Если бы был тут сторож, то он сделал бы то же самое, и ещё поспешнее, надеясь получить на водку.

 

Впрочем, очень понятно, что ей стало тебя жалко: ты сделал такую ужасную гримасу, когда ступил на простреленную ногу...

— И ты не был нисколько тронут, глядя на неё в эту минуту, когда душа сияла на лице её?..

— Нет.

 

 

Я лгал; но мне хотелось его побесить. У меня врожденная страсть противоречить; целая моя жизнь была только цепь грустных и неудачных противоречий сердцу или рассудку.

 

 

Присутствие энтузиаста обдает меня крещенским холодом, и, я думаю, частые сношения с вялым флегматиком сделали бы из меня страстного мечтателя. Признаюсь ещё, чувство неприятное, но знакомое пробежало слегка в это мгновение по моему сердцу;

 

это чувство — было зависть;

 

 

я говорю смело «зависть», потому что привык себе во всем признаваться; и вряд ли найдётся молодой человек, который, встретив хорошенькую женщину, приковавшую его праздное внимание и вдруг явно при нем отличившую другого, ей равно ненакомого, вряд ли, говорю, найдется такой молодой человек (разумеется, живший в большом свете и привыкший баловать свое самлюбие), который бы не был этим поражен неприятно.

 

 

Молча с Грушницким спустились мы с горы и прошли по бульвару, мимо окон дома, где скрылась наша красавица. Она сидела у окна. Грушницкий, дёрнув меня за руку, бросил на неё один из тех мутнонежных взглядов, которые так мало действуют на женщин. Я навёл на неё лорнет и заметил, что она от его взгляда улыбнулась, а что мой дерзкий лорнет рассердил её не на шутку.

 

 

И как, в самом деле, смеет кавказский армеец наводить стеклышко на московскую княжну?..

 

 

 

13го мая

Нынче поутру зашел ко мне доктор; его имя Вернер, но он русский. Что тут удивительного?

 

 

Я знал одного Иванова, который был немец.

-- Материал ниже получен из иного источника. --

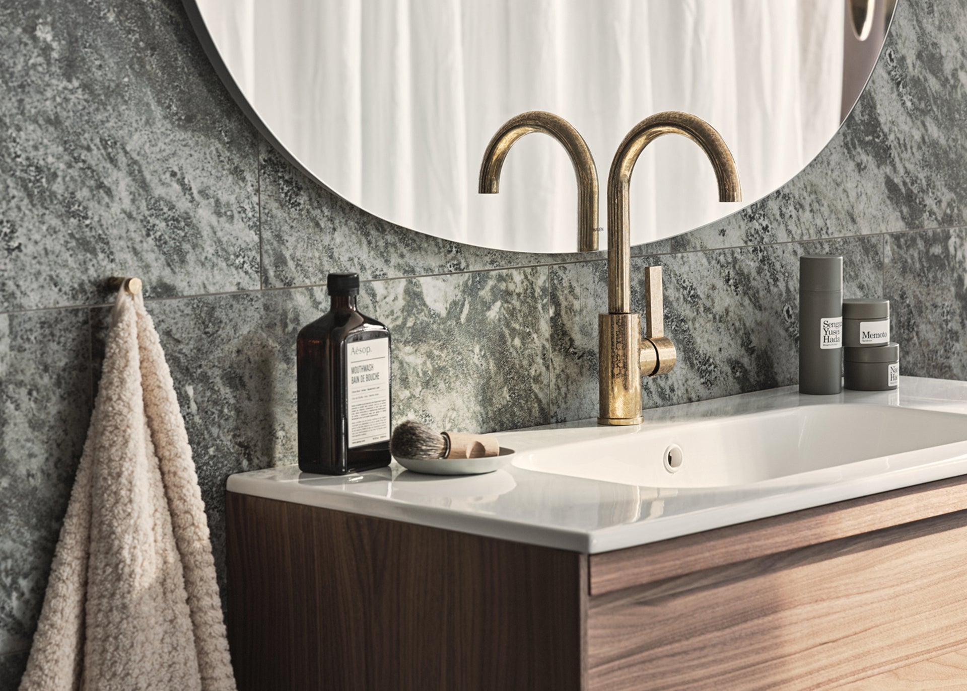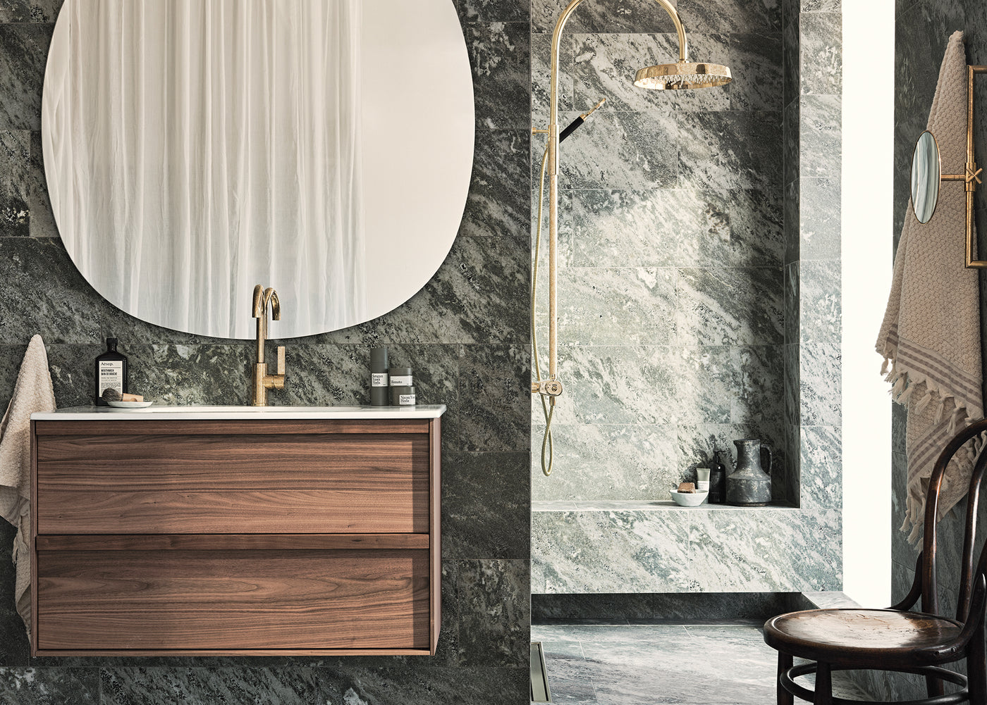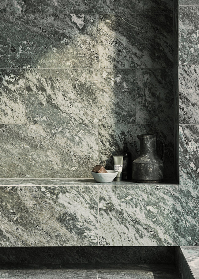 Kolmården i granitkeramik är en modern tolkning av den ikoniska kolmårdsmarmorn, en av Sveriges mest omhuldade och historiskt betydelsefulla naturstenar. Inspirerad av den klassiska svenska marmorn med samma namn som brutits i Östergötland i århundraden. Serien har en matt yta och varierar likt marmorn i mönster och nyans från grönsvarta partier till ljusgröna och grå skiftningar.

Вернер человек замечательный по многим причинам. Он скептик и материалист, как все почти медики, а вместе с этим поэт, и не на шутку, — поэт на деле всегда и часто на словах, хотя в жизнь свою не написал двух стихов. Он изучал все живые струны сердца человеческого,как изучают жилы трупа, но никогда не умел он воспользоваться своим знанием; так иногда отличный анатомик не умеет вылечить от лихорадки!

 

 

Обыкновенно Вернер исподтишка насмехался над своими больными; но я раз видел, как он плакал над умирающим солдатом...

 

Он был беден, мечтал о миллионах, а для денег не сделал бы лишнего шагу: он мне раз говорил,

 

что скорее сделает одолжение врагу, чем другу,

 

потому что это значило бы продавать свою благотворительность, тогда как ненависть только усилится соразмерно великодушию противника.

 

У него был злой язык: под вывескою его эпиграммы не один добряк прослыл пошлым дураком; его соперники, завистливые водяные медики, распустили слух, будто он рисует карикатуры на своих больных,

 

— больные взбеленились! — почти все ему отказали.

 

Его приятели, то есть все истинно порядочные люди, служившие на Кавказе, напрасно старались восстановить его упадший кредит.

 

 

Его наружность была из тех, которые с первого взгляда поражают неприятно, но которые нравятся впоследствии, когда глаз выучится читать в неправильных чертах отпечаток души испытанной и высокой.

 

Бывали примеры, что женщины влюблялись в таких людей до безумия и не променяли бы их безобразия на красоту самых свежих и розовых эндимионов.

 

Надобно отдать справедливость женщинам: они имеют инстинкт красоты душевной;

 

оттого-то, может быть, люди, подобные Вернеру, так страстно любят женщин.

 

Вернер был мал ростом и худ, и слаб, как ребенок; одна нога была у него короче другой,как у Байрона; в сравнении с туловищем голова его казалась огромна: он стриг волосы под гребёнку, и неровности его черепа, обнаруженные таким образом, поразили бы френолога странным сплетением противоположных наклонностей.

 

Его маленькие чёрные глаза, всегда беспокойные, старались проникнуть в ваши мысли.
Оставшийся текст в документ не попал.